Работал он суетливо: то, низко пригибаясь, внаклонку тащил к разостланным вожжам сено, то кидался к безмену. Темные мослаковатые руки его, похожие на рачьи клешни, постоянно двигались, и сам он разрумянился не столько от работы, сколько от внутреннего возбуждения. Хозяйке Степан Васильич услужливо поддакивал, заискивающе называл ее Дарьей Павловной.

— Что это у вас, Дарья Павловна, вся деревня изрыта? Кто ж ее так испохабил?

— Водопровод ведут. Вторую неделю работают тут строители из города. У меня теперь колонка будет под боком.

— А может, это канализация? — спросил Гоша. — Вы тут не перепутайте.

Толька на крыльце так и сел на ступеньки:

— Ой, не могу!

— Ты чего? — спросил Леха с чердака.

— Они тут водопровод с канализацией соединили, — давясь от смеха, выговорил Толька.

Охапки сена перестали валиться сверху: Леха тоже сел от смеха, разом обессилев.

— Как дети вы, ей-богу, — сказала Дарья Павловна.

— Давай-давай, Георгий, — суетился Степан Васильич. — Подвешивай. Раз-два, взяли!

— А у вас девчат много, мамаша? — допытывался между тем Толька.

— Деревня-то наша на отшибе. В центральном отделении есть молодежь, да тоже маловато.

— Что ж это, не остаются у вас в колхозе? — спросил Степан Васильич. — Плохо на трудодни получаете?

— Какие же теперь трудодни! — снисходительно засмеялась женщина. — Давненько вы в колхозе не бывали. Теперь зарплата, как и у вас в городе.

— Ах да! Ну верно, знаю… Это я так, перепутал, — бормотал Степан Васильич. — Да все равно, колхоз, он и есть колхоз. Чего тут говорить! Вишь, уезжают все равно люди.

— Да уж конечно, ныне не так многолюдно в деревнях, как бывало. Раньше у нас тут три бригады было и в каждой по тридцать человек трудоспособных.

— Разбежались, как тараканы! — воскликнул Гоша со злорадством.

Степан Васильич глянул на него с досадой: не мешай, мол, разговору.

— Вот и сынок у вас, Дарья Павловна, тоже уехал. Который в гости-то приезжал. Не захотел остаться.

— Что ж поделаешь! — вздохнула она. — Он инженер и там дело нужное делает, так я думаю.

Очередное беремя подвесили, и Гоша, подпрыгнув, глянул на безмен:

— Смотри, мать, пять пудов.

И, странно хрюкнув, сунулся лицом в сено. Степан Васильич опять строго посмотрел на него, потом на безмен и сказал великодушно:

— Там чуть-чуть побольше пяти. До пяти с половиной не тянет, ну да ладно, посчитаем пять с половиной. — И поспешно заговорил о другом: — А коровы у вас нет, Дарья Павловна?

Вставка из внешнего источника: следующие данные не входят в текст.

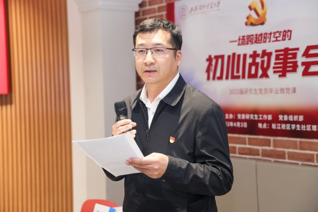 本次活动是党委研工部、党委组织部精心为毕业生党员准备的一份毕业礼物。党委组织部部长陈加林赠言毕业生:“坚持真理、坚守理想,做一个信念坚定的时代新人;立足时代、顺应时代,做德才兼备的有为青年;志从报国、胸怀天下,做上经贸大精神品格的践行人;仰望星空、脚踏实地,珍惜新时代赋予的机会和平台,把青春的奋斗融入到国家和民族的事业中。”党委学(研)工部部长缪韵笛说:“这场微党课既是一场深刻的回望,初心跟着故事被擦亮;也是一场温暖的守望,把毕业生党员凝聚在一起,共同携手集结出发;更是一场聚力的展望,坚定理想信念,让青春有初心可回溯,有岁月可回首,有前程可奔赴。”
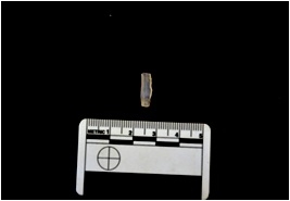 | Description / विवरण | Blade made on chalcedony, use wear marks seen on both edges |

— Корову нет резону держать. Живу одна. Которые семейные, те, конечно, с коровами.

— Без молока плохо в деревне, — посочувствовал Степан Васильич. — Мы вот и в городе живем, да корову держим. У нас улица прямо в поле выходит, так не мы одни с коровой-то…

— Да я без молока не живу. У соседки беру. Много ли мне надо, одной-то!

— А у вас, Дарья Павловна, где ж хозяин? Я смотрю, женщина вы из себя приятная, а вот мужа нет.

— Хозяин-то был, — она погрустнела. — Замуж я вышла в сорок первом году, пятнадцатого июня, а через неделю война началась, мужа взяли… Не пришлось пожить.

— Погиб?

— Сначала извещения у меня такого не было. Написали мне, что пропал без вести. Я все ждала его, все ждала, думала: может, вернется… Так и прожила бы до самой смерти, да, спасибо, учителька наша новая нынешней весной надоумила написать в одно место. Как оно называется, я уж забыла. Недавно получила письмо, сообщают, что погиб, и даже место указали точно: возле Житомира. Это на Украине. Теперь вот хочу съездить туда, проведать.

— Чего уж ездить-то, — сказал Степан Васильич. — Что с воза упало, то пропало. Не воротишь.

— Другого можно мужика найти, — добавил Гоша и подмигнул Тольке.

— Да затосковала я что-то, уж так затосковала — невмоготу. — Дарья Павловна высморкалась в фартук и смахнула слезы со щек. — Вот съезжу, поплачу там на могилке да и успокоюсь.

Леха уже слез с чердака и помогал отцу вязать беремя. Толька стал подавать сено на автомашину вставшему там Гоше. Они превратили эту работу в очередную забаву. Толька кидал огромные охапки, торопливо нанизывал на вилы еще и вновь кидал.

— Все равно завалю, — твердил он упрямо.

— Давай-давай, — подзадоривал сверху Гоша. — Тебе только портянки лицевать. Тебе дай волю — чулки по три метра вязать будешь. Сила есть — ума не надо. Во дает!

Он вертелся вьюном: успевал и принять охапку, и положить ее на нужное место, и прижать следующей; при этом быстро оглядывал свое сооружение — воз получался широкий, с четко выложенными углами, с ровными сторонами — и сыпал шуточками, от которых Толька давился от смеха и оттого слабел.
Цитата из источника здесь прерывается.